Continuing my autobiography of why I became an anesthesiologist, I will now recount My Lost Years as a surgery resident. This is a long sad story of lost opportunity and spirit crushing rejection. So let's get started, shall we?
Let me just say right off the bat that surgery residency was probably the hardest thing I have ever experienced. Internship is just a blur of calls, rounds, scutwork, more rounds, more scutwork, and getting pimped and yelled at a lot. Few things in life compare to the dejection of getting up at 5:00 AM to pre-round on your 10-20 patients then round on them again with the team in time for the senior residents to make it to the OR. After rounds, I was usually left with about 50-75 items I needed to get done on my scut list before afternoon rounds around 5:00. After that there was usually another list of things that had to get finished before going home. If something didn't get done, the usual question was "Why not?", not "How can we help you?" It was not excusable to say the Radiology File Room couldn't find that one CT scan that was vitally crucial for this patient's surgery the next day. Or why the lab results haven't come back. Or why lines haven't yet been put into a patient, despite the fact that I've been running around like a rabied dog trying to get as much of the scut completed before tackling a time consuming line placement.

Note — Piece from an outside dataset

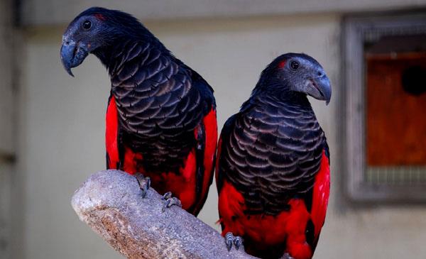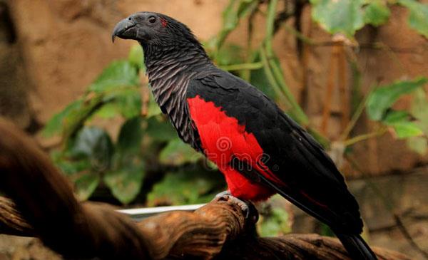 臉部沒(méi)有羽毛,外表與其它鸚鵡相去甚遠(yuǎn),頭部及鷹嘴狀的喙部特征與兀鷹或禿鷲尤為相似,黑色與鮮亮的紅色毛羽相當(dāng)美麗,不會(huì)與其他任何鸚鵡品種混淆,體羽僅有黑色和紅色,方形的尾加強(qiáng)了其特殊的形體輪廓。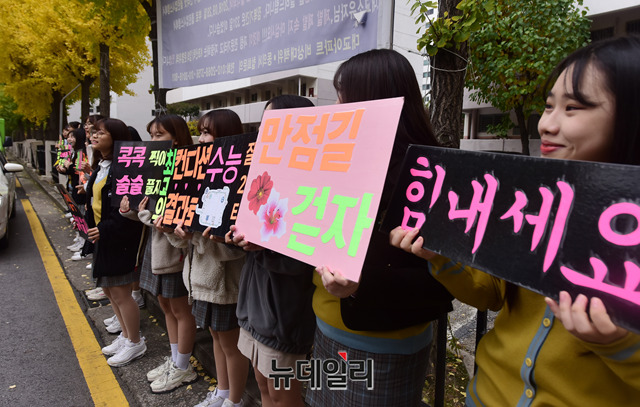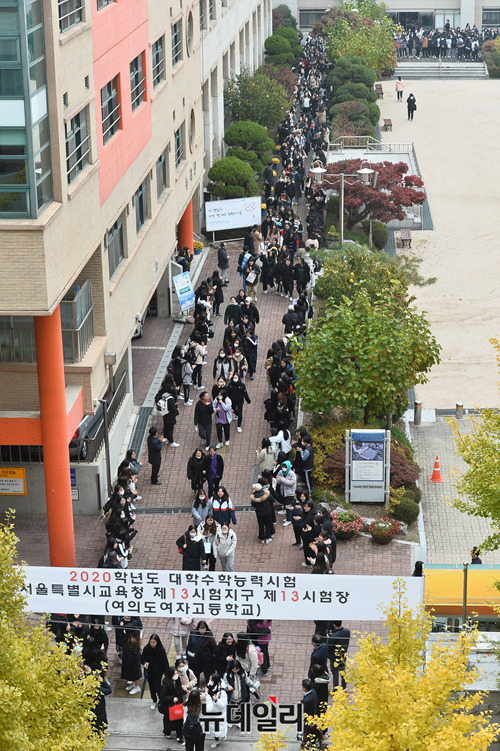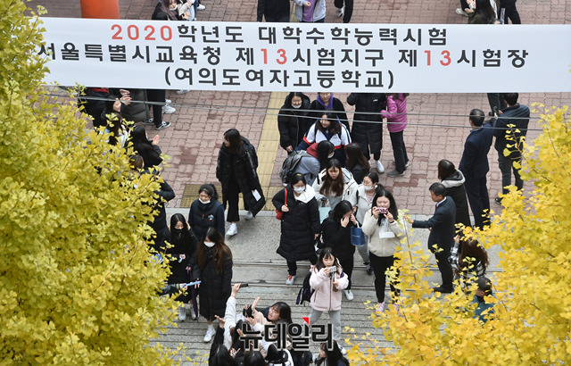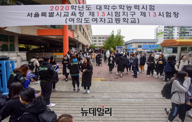 2020학년도 대학수학능력시험(수능)을 하루 앞둔 13일 오전 서울 여의도 여의도고등학교에서 여고 수험생들이 후배들에게 응원을 받고 있다.

This certainly wasn't as much fun as I remembered as a student. Of course as a student I was shielded from all this tediousness. We got to go to the OR after rounds to watch the cases. When we were done in the afternoon all the work had been magically completed by the interns. I never paid enough attention to the dark side of surgery training. The few times I actually got to do cases were not that much fun either. Every surgery intern remembers their first case. Mine was a butt pus. I remember being on call and getting summoned to the OR at 2:00 AM to perform an I+D of a perianal abscess. The case took all of five minutes, but the stench will last me a lifetime. When the senior resident asked how I liked my first surgery, I had to force an eager smile and enthusiastically announce, "Great case!" then trudge back to the call room to try and get a few more minutes of sleep before getting up again to preround on my patients. Not a great start.
Okay, so internship isn't the surgical career I had envisioned. If I make it through internship, things will get better, right? I'll go to the OR and actually perform real surgeries my second year, correct? While I did start doing lots of cases the next year, sadly the overall residency experience was not an improvement. This was in the days before all the rules against residency abuse. There were rotations where I was on call every other day for months at a time. And it wasn't just 24 hours on/24 hours off. No, this was more like 36 on/12 off. You see, I couldn't just leave the hospital at 7:00 AM post call. I still had to round to explain to the team what happened overnight, which took hours. Then there was usually an emergency that required I stick around to help out before I could leave. I recall one time I didn't get home until 2:00 PM. I just collapsed into bed after an all night session of traumas and other emergency cases. I suddenly woke up and looked at my clock, which read 7:00. I panicked and jumped out of bed, ready to throw my scrubs on and try to explain to the team why I was late for morning rounds. It was not until I was halfway out the door that I realized it was 7:00 PM. Then I crawled back to bed and slept until the following morning.
All this stress took a physical toll on my body. I gained about 20 pounds. You would think so much running around will cause one to lose weight. But just the opposite happened. I didn't get any proper exercise. Every chance to eat was quickly wolfed down in about five minutes. I developed anal fissures because I was so uptight all the time. I had a bad case of irritable bowel syndrome, particularly right before M+M Conference. That's where residents were publicly grilled and humiliated in front of the whole surgery department, particularly if you weren't a Chosen Resident, someone who could perforate the left ventricle while putting in a chest tube and still not get shredded by the faculty wolf pack. One time I was so exhausted post call that while riding in an elevator my pager went off. In my sleep deprived haze I looked around asking people "Do you hear that noise? Where is that coming from?" They looked at me like I was an escapee from the Psych ward.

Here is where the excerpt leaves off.